Sohrab Shah discussed the integration of radiology, pathology, genomics, and clinical text data to enable patient stratification and survival prediction in cancer care. He highlighted spatial biology as a key frontier, using spatial relationships and graph-based encodings to model the tumor microenvironment. His team’s approach uses multimodal graph neural networks to unify heterogeneous data into predictive and interpretable models for precision oncology.

Key takeaways:
- Integrating spatial and multimodal data enables richer biological understanding
- Graph-based models offer a powerful framework for clinical predictions.

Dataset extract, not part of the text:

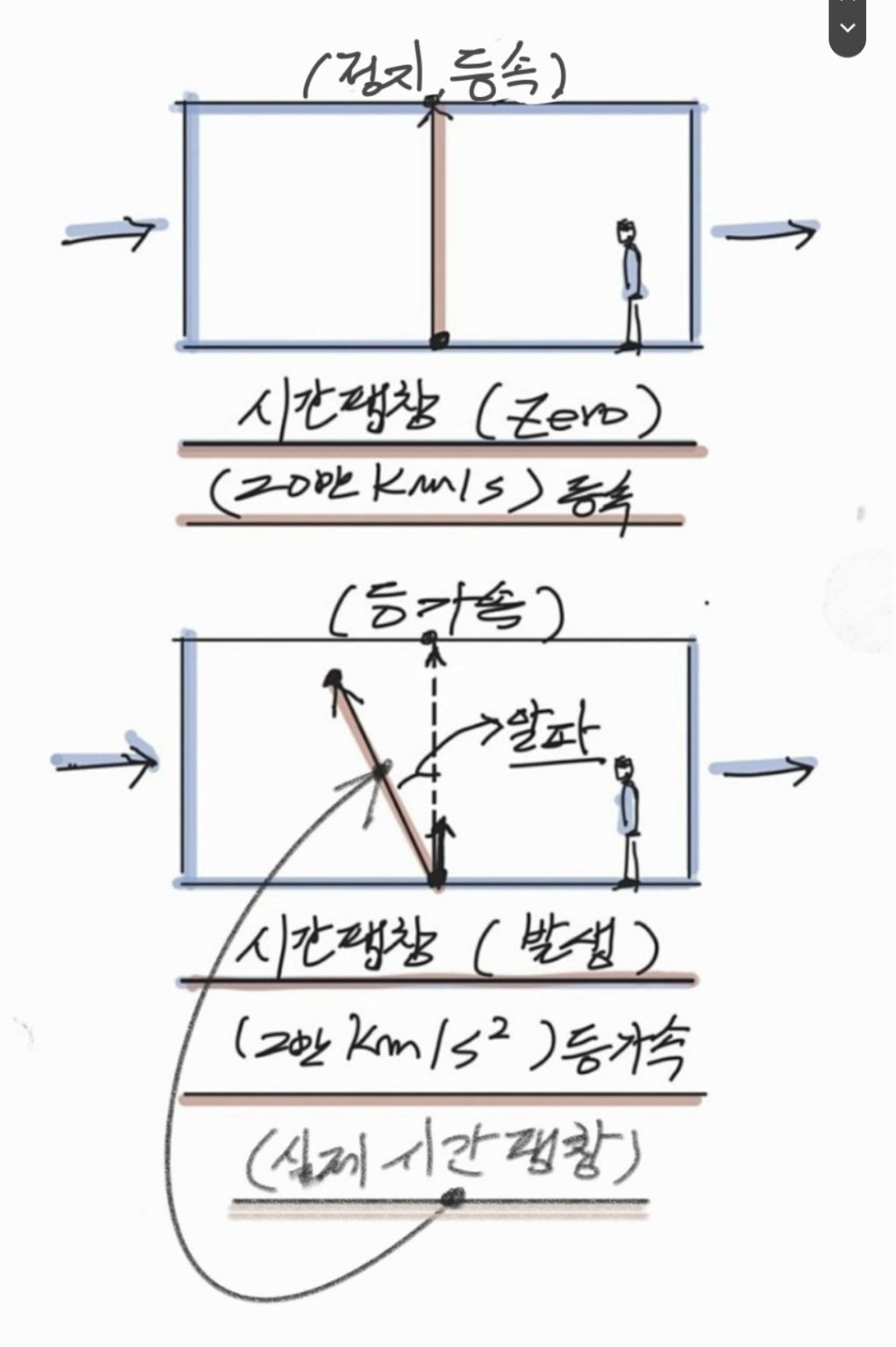 (우주 실제 시간팽창 물리현상의 그림예시)...
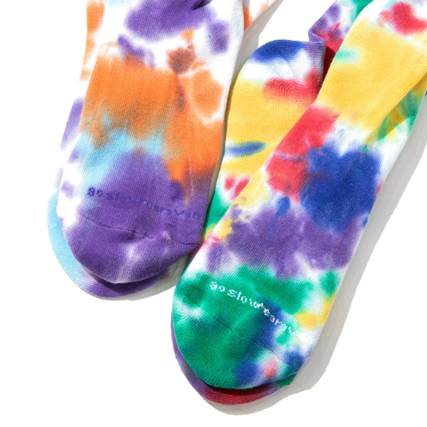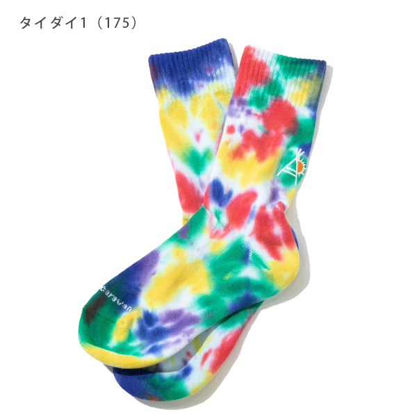 ゴースローキャラバンオリジナルのタイダイソックスが登場☆ ゴースローキャラバンオリジナルのタイダイソックスが登場☆ タイダイ柄の裏パイル仕上げのクルーソックス。 後ろ側のふくらはぎ下部に刺しゅうによるヤグラマーク、 つま先にジャガード織りでgo slow caravanロゴが入っています。 サイズは2サイズご用意しております。 | ||||||

Robert Grant (Princess Margaret Cancer Centre) – Charting a Path to AI-Augmented Clinical Oncology

Robert Grant focused on how to responsibly bring AI tools into clinical settings. He emphasized the need for models that are not only accurate but well-calibrated, especially at different decision thresholds. He compared early vs. late fusion techniques for combining heterogeneous data modalities and argued that in many cases, simpler models like logistic regression can outperform more complex ones. For the near future, he encouraged prospective, patient-centered evaluation studies to assess AI’s true clinical value and called attention to the potential of LLMs for structuring messy EHR data.

Key takeaways:
- Model deployment must be guided by careful, patient-focused evaluation.
- Simpler models can outperform complex ones in practice

Conclusions

This concludes my summary of the Sloan Institute for Precision Oncology’s AI Symposium! My biggest takeaways from the conference were the following:

Post-training and fine-tuning are critical for safe, effective deployment of LLMs in healthcare.Across several talks, speakers emphasized the need to align language models with clinical goals through instruction tuning, preference optimization, and domain adaptation.
Interpretability and domain alignment are non-negotiable in clinical AI. Whether through biologically informed architectures like P-NET or traceability tools like EvalTree and OLMOE, researchers are prioritizing transparency and aligning models with established scientific or clinical knowledge.
LLMs show promise in structuring unstructured clinical data but must be validated carefully. Hallucination risks, privacy concerns, and generalizability remain open challenges, making human-in-the-loop validation and error analysis crucial for safe use in EMRs and trial matching.
Deployment success depends on real-world integration and usability. Practical deployment of models requires seamless integration into clinical systems, prospective evaluation, and attention to model calibration across decision thresholds.

With that, I’d like to give a huge thank you to the organizers of this conference for all of their hard work as well as to all of the speakers and panelists for contributing their time and knowledge to a series of excellent discussions.